> [WORK REQUEST]
Only one stretch of the data below is wanted: the lines from the one with "Free People Pointelle-Knit" through the one with "Ein Plan, die", repeated exactly.
*** MATERIAL SUPPLIED ***
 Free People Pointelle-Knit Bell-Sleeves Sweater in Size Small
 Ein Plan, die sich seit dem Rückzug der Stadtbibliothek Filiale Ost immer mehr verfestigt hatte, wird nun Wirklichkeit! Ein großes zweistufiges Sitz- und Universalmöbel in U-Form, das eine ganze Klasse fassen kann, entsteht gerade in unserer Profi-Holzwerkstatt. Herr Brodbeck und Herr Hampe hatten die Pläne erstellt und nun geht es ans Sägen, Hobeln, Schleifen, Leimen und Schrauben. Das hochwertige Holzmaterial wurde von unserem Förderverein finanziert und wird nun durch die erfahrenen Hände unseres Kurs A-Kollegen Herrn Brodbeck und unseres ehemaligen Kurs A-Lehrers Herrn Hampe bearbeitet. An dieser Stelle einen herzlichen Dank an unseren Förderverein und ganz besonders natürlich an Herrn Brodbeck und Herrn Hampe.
*** End of MATERIAL SUPPLIED ***
*** MATERIAL SUPPLIED ***
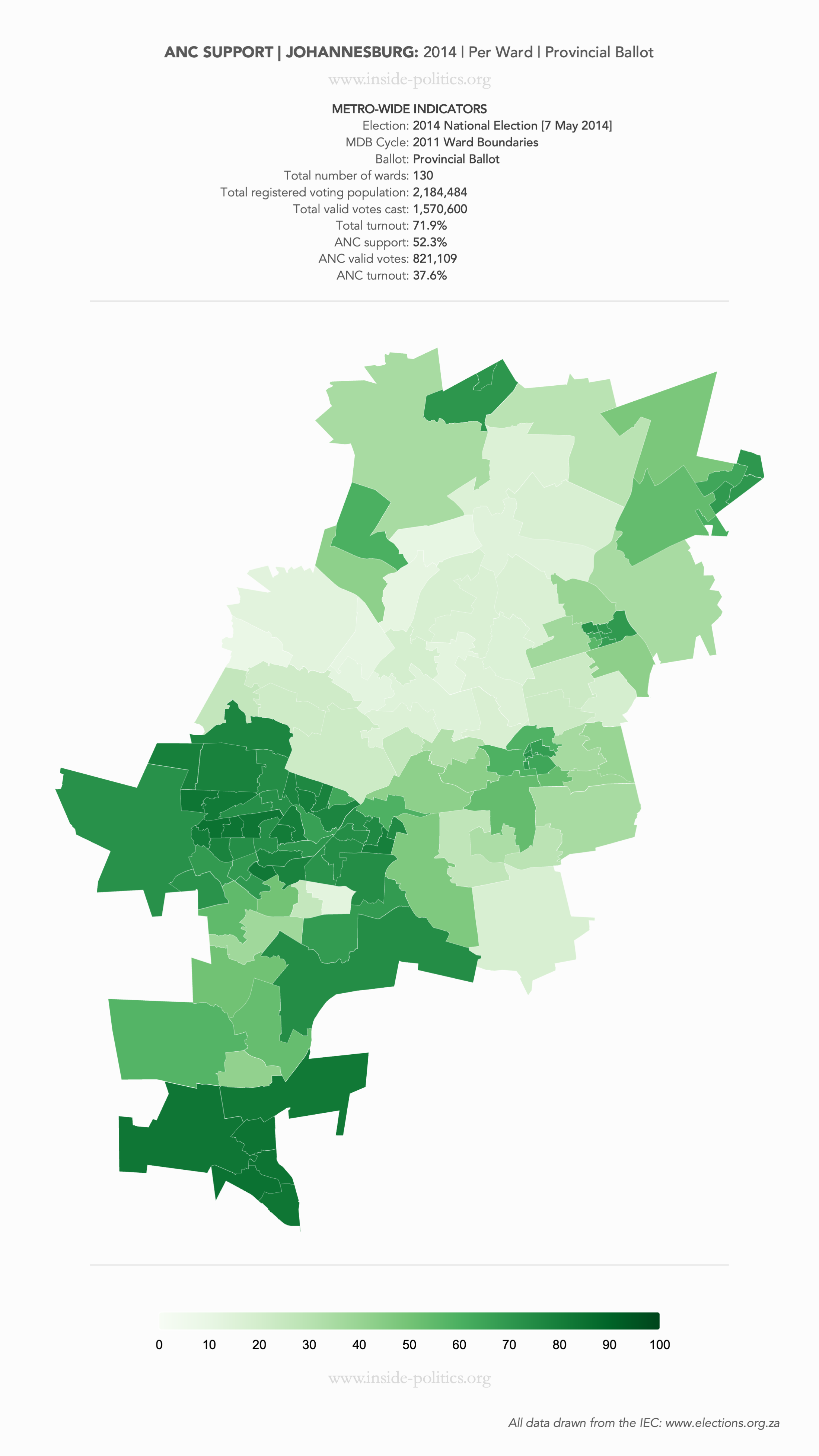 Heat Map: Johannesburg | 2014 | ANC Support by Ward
*** End of MATERIAL SUPPLIED ***
> [WRITTEN SOLUTION]
 Free People Pointelle-Knit Bell-Sleeves Sweater in Size Small
 Ein Plan, die sich seit dem Rückzug der Stadtbibliothek Filiale Ost immer mehr verfestigt hatte, wird nun Wirklichkeit! Ein großes zweistufiges Sitz- und Universalmöbel in U-Form, das eine ganze Klasse fassen kann, entsteht gerade in unserer Profi-Holzwerkstatt. Herr Brodbeck und Herr Hampe hatten die Pläne erstellt und nun geht es ans Sägen, Hobeln, Schleifen, Leimen und Schrauben. Das hochwertige Holzmaterial wurde von unserem Förderverein finanziert und wird nun durch die erfahrenen Hände unseres Kurs A-Kollegen Herrn Brodbeck und unseres ehemaligen Kurs A-Lehrers Herrn Hampe bearbeitet. An dieser Stelle einen herzlichen Dank an unseren Förderverein und ganz besonders natürlich an Herrn Brodbeck und Herrn Hampe.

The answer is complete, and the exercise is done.